Could you explain what you mean by "safer"? If you mean memory safe or free from undefined behavior, Go is exactly that. If you mean a language that has excellent native crypto libraries rather than wrappers over openSSL, Go provides that too. To answer your specific query, Go makes more sense for a LE client compared to Python because you'd simply need to run a binary instead of fiddling around with the source on your server.
Go is not memory safe. It admits null pointers and a whole host of incompleteness bugs.

Rust and Haskell are both examples of safe languages. These languages admit very few bug classes. Both also compile to binaries; I'm not sure why you're touting that as a feature of Go.

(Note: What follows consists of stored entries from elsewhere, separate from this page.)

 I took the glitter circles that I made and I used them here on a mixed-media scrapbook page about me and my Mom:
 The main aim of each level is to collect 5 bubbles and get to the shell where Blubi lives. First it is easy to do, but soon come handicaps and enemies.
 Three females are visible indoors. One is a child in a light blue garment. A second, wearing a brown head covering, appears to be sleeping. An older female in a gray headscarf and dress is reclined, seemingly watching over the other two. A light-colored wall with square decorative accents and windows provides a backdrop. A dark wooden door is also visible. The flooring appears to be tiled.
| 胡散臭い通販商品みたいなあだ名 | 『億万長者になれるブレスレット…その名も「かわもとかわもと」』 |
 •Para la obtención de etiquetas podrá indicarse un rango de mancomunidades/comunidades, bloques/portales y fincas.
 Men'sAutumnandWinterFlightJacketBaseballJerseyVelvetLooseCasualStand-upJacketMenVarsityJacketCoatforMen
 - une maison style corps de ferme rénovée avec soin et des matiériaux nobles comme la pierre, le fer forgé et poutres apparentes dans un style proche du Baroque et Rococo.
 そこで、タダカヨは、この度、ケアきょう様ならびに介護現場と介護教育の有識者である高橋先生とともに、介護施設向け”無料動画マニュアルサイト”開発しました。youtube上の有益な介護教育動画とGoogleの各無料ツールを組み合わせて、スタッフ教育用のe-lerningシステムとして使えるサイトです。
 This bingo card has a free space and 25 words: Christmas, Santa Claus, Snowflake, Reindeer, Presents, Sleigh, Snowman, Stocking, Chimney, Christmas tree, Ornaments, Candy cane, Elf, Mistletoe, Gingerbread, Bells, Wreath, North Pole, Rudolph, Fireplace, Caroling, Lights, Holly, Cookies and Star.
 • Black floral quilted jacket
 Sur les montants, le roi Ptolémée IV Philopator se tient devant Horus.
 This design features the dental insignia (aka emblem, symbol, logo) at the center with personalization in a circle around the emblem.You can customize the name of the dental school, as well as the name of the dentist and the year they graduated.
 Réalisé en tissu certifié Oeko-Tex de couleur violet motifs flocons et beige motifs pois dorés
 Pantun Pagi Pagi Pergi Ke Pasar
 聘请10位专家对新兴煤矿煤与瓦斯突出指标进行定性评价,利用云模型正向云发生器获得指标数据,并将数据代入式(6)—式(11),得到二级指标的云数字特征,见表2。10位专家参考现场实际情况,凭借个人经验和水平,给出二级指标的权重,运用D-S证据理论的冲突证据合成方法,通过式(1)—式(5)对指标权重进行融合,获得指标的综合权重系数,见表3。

That's not even a useful feature in this case. Running a python program is just as easy as running a binary from the user's perspective.

“simply running a binary”:

  - download letsencrypt-auto  
  - ./letsencrypt-auto
”fiddling around with the source”:

  - download letsencrypt.tar.gz
  - extract letsencrypt.tar.gz
  - ./letsencrypt-auto
(and there might even be a package available!)
This is assuming you have the correct version of python installed, right? What if you were on CentOS and the python version is 2.6? Or on Alpine and you simply didn't have python at all?
What if you download a binary and a dynamic library is missing? (This is what happens with GHC on Alpine. Binaries will expect glibc. Packages fix this problem, but they also fix the Python problems.)

Another example: I recently wanted to run IDA on Arch Linux, but there are no 32-bit Qt5 packages. Compiling Qt5 is more painful than installing Python.